Is there a workaround to make it work?

I know this is idiotic. But in a case where the problem is nonlinear in the lower part, but in principle very easy it may be possible to solve it even in the dumb way.

Thanks for the help.

See this tutorial :smile:

3 Likes

Thank you for the reply. I already saw that example.
However, in that specific case, only the objective value from the inner problem is used (contrary to the actual value y(x) that realizes the objective) so that is quite easy to derive the gradient and hessian of the function for the inner problem explicitly (also because the inner constraint does not depend on x_1,x_2 on that page). This makes it possible to register and use the inner function without issues.

In my example, I would need to know, let’s say, the first derivative of y(x) w.r.t x.
I checked the page Nonlinear Modeling · JuMP to query derivatives from a jump model, but I didn’t manage to understand how to query derivatives of the optimal point, but only of the optimal value.
Is there a way to do it? I mean by using Julia not by doing it explicitly by hand, since in the real problem that cannot be done.

Yes, you would need an analytic derivative of the optimal solution of y with respect to x. This is problem-dependent, so it’s hard to give general advice. I don’t think there’s an automated way you could get this from JuMP.

Also, can’t your example just be written as a single minimization problem? Why solve it as a bilevel problem? In your current example, the gradient is 0 (y won’t change w.r.t. x).

1 Like

Of course :grinning:
However in general this is not the case.

I will have to think of some other strategy then to solve such a problem.
Thanks for all the help.

I suggest a possible, but not recommended workaround. Using FiniteDifferences.jl to compute approximate derivatives of y(x):

using JuMP,Ipopt
using FiniteDifferences

function lower(x)
    lowerModel = Model(Ipopt.Optimizer)
    set_silent(lowerModel)
    @variable(lowerModel,y)
    @constraint(lowerModel, y ≀ 5)
    @constraint(lowerModel, 3 ≀ y)
    @objective(lowerModel,Min, y^2 + x)
    optimize!(lowerModel)
    yVal = value(y)
    return yVal
end
∇lower(z) = central_fdm(5, 1; factor=1e10)(lower, z)
Hlower(z) = central_fdm(5, 2; factor=1e10)(lower, z)

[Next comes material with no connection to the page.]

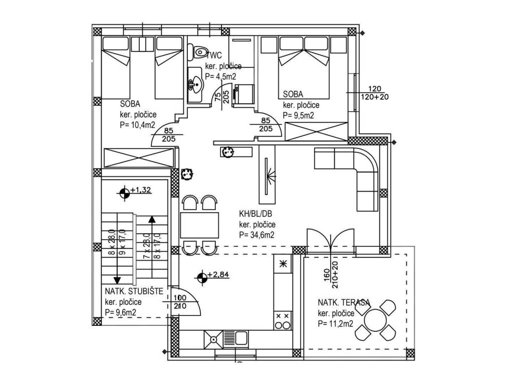 For sale is a two-room apartment marked S6, located on the second floor of a residential building whose completion is planned for the summer of 2024. The residential building consists of six residential units designed to meet high standards of living. There are two residential units on each floor of the building. The top quality of construction and equipment is visible from the very beginning of construction. In the construction of the building, high-quality materials will be used in accordance with the highest construction standards (thermal insulation, top-quality carpentry, top-quality floor coverings...) Heating and cooling is provided by air conditioners, one indoor unit each in the bedrooms and living room, and floor heating in the living room, kitchen and bathroom.

upperModel = Model(Ipopt.Optimizer)
register(upperModel, :lower, 1, lower, ∇lower,Hlower)

@variable(upperModel, x)
@constraint(upperModel, x ≄ 2)
@NLconstraint(upperModel, x^3 + lower(x)^3 ≀ 1000)
@NLobjective(upperModel, Min, x^4 - sin(lower(x)))

optimize!(upperModel)
value(x)
lower(value(x))

In trivial this case, this works. In other cases may fail.

1 Like

I add a last piece of the story.
In the end, the “stupid” method didn’t work for my real case (although it did in the example above).

I solved it by doing by hand what BilevelJuMP does automatically. Since I was doing it by hand it was possible to have nonlinearity in the lower-level problem.
The reference paper for BilevelJuMP.jl is quite informative and well-written, and after reading it I was able to apply the same methodology to my use case.

That’s the way I would suggest anyone to proceed.

3 Likes